Work instruction >> Only the pictures are to be omitted; everything else in the listing must be reproduced exactly.

Data extract >>

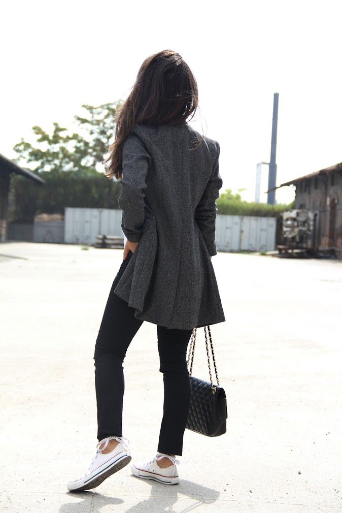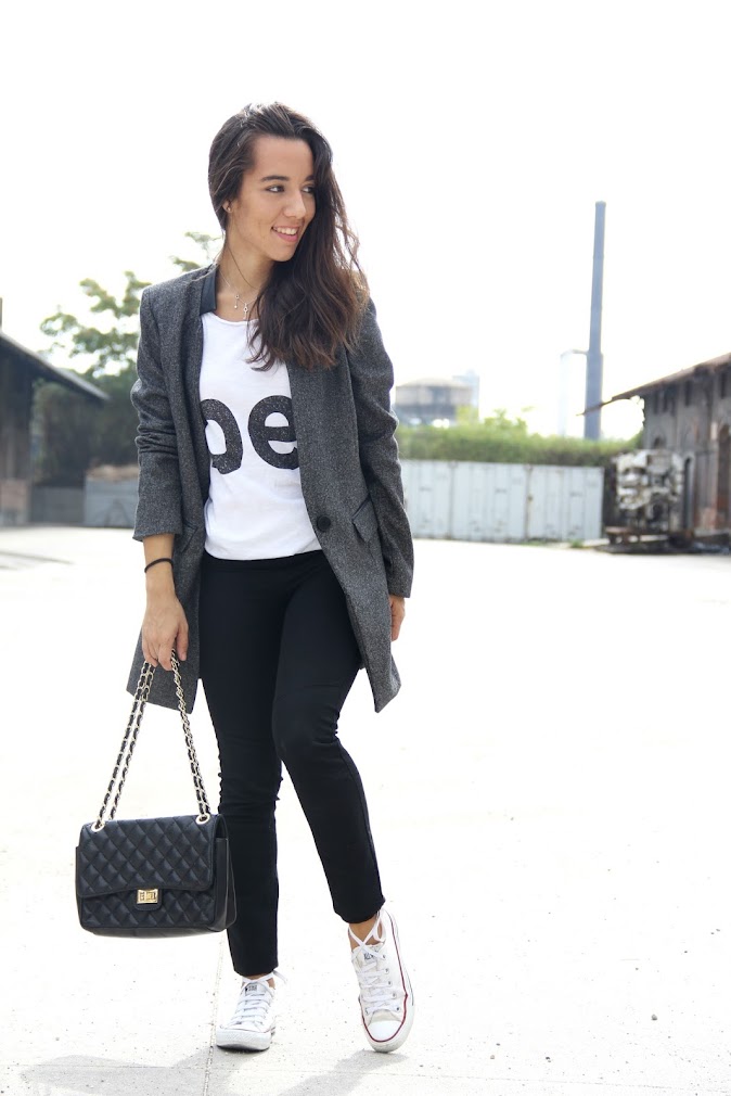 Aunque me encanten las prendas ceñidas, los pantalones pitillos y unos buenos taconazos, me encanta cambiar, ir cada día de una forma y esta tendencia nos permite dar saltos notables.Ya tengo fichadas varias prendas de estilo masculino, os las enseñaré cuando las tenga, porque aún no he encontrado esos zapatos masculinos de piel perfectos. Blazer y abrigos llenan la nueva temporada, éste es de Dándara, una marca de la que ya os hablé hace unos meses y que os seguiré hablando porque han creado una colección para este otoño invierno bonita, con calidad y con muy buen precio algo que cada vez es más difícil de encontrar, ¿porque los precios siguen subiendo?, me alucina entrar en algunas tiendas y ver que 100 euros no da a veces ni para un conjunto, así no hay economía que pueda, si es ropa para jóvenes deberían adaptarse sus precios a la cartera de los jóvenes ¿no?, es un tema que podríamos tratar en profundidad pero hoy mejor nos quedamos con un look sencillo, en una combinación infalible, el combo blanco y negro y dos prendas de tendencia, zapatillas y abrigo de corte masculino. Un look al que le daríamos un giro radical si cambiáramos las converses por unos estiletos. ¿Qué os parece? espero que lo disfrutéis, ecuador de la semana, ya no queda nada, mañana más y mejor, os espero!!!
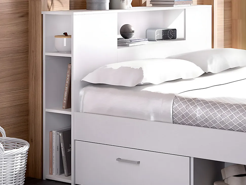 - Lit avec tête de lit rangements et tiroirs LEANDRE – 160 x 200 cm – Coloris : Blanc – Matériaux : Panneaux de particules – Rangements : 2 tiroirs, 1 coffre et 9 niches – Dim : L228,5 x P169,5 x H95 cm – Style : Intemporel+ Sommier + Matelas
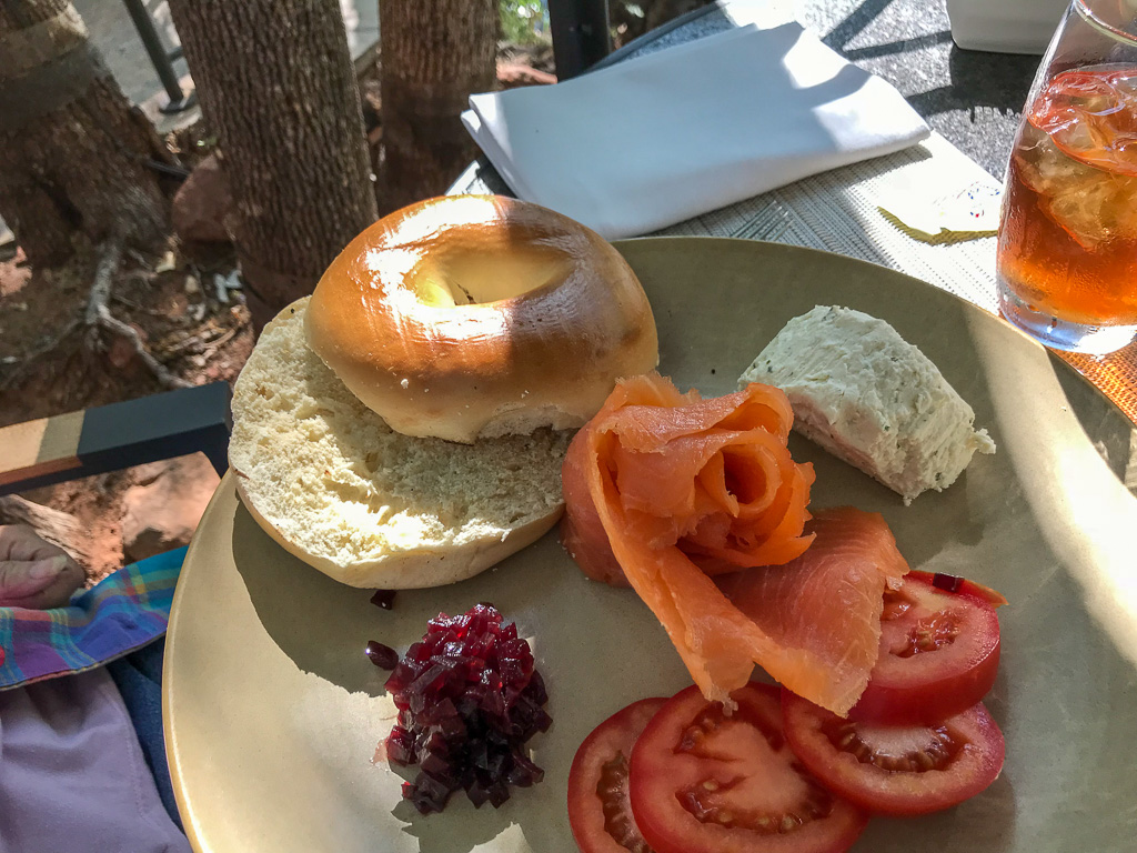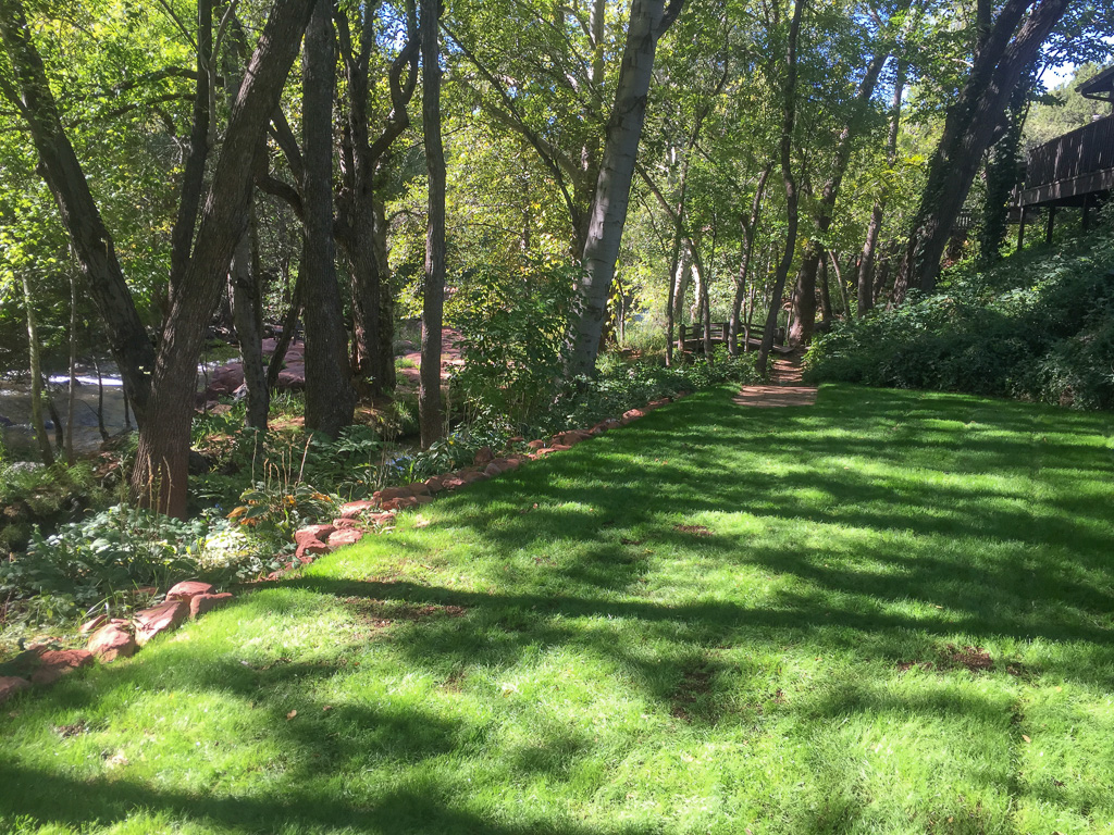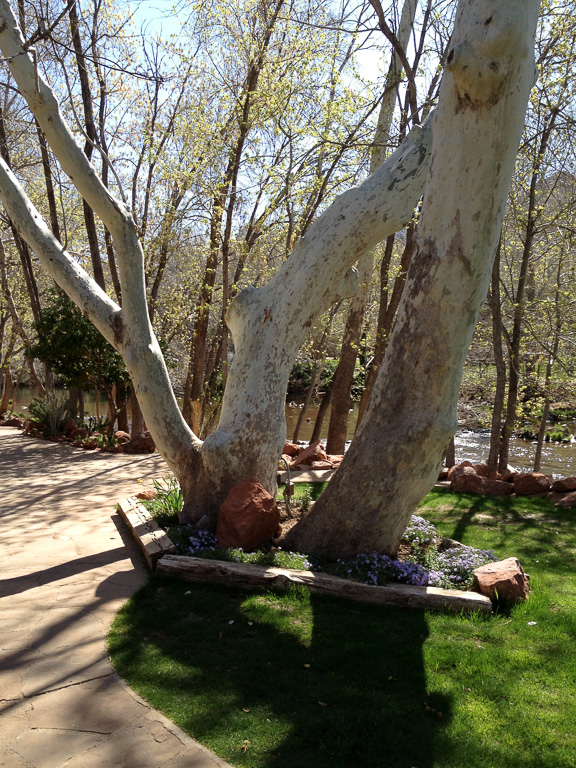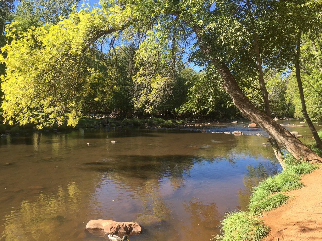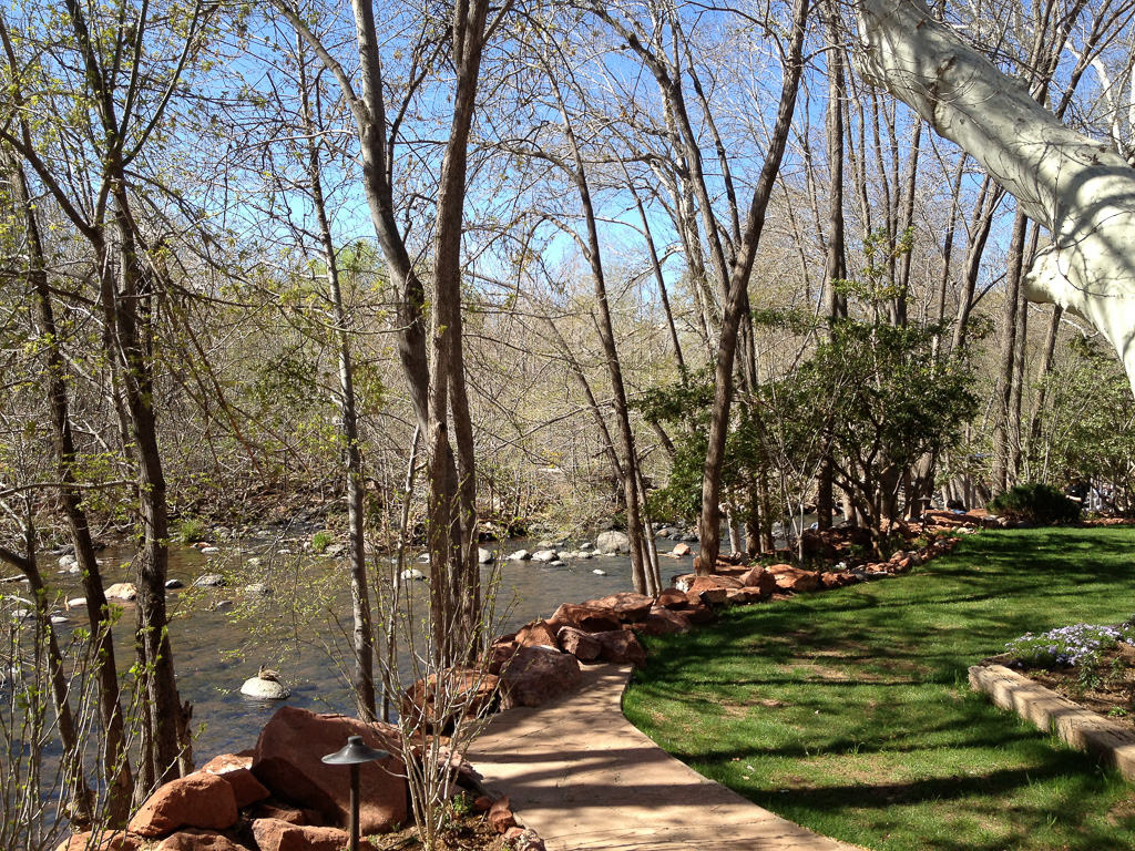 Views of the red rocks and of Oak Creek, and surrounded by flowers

Answer to this task >>
 Aunque me encanten las prendas ceñidas, los pantalones pitillos y unos buenos taconazos, me encanta cambiar, ir cada día de una forma y esta tendencia nos permite dar saltos notables.Ya tengo fichadas varias prendas de estilo masculino, os las enseñaré cuando las tenga, porque aún no he encontrado esos zapatos masculinos de piel perfectos. Blazer y abrigos llenan la nueva temporada, éste es de Dándara, una marca de la que ya os hablé hace unos meses y que os seguiré hablando porque han creado una colección para este otoño invierno bonita, con calidad y con muy buen precio algo que cada vez es más difícil de encontrar, ¿porque los precios siguen subiendo?, me alucina entrar en algunas tiendas y ver que 100 euros no da a veces ni para un conjunto, así no hay economía que pueda, si es ropa para jóvenes deberían adaptarse sus precios a la cartera de los jóvenes ¿no?, es un tema que podríamos tratar en profundidad pero hoy mejor nos quedamos con un look sencillo, en una combinación infalible, el combo blanco y negro y dos prendas de tendencia, zapatillas y abrigo de corte masculino. Un look al que le daríamos un giro radical si cambiáramos las converses por unos estiletos. ¿Qué os parece? espero que lo disfrutéis, ecuador de la semana, ya no queda nada, mañana más y mejor, os espero!!!
 - Lit avec tête de lit rangements et tiroirs LEANDRE – 160 x 200 cm – Coloris : Blanc – Matériaux : Panneaux de particules – Rangements : 2 tiroirs, 1 coffre et 9 niches – Dim : L228,5 x P169,5 x H95 cm – Style : Intemporel+ Sommier + Matelas
 Views of the red rocks and of Oak Creek, and surrounded by flowers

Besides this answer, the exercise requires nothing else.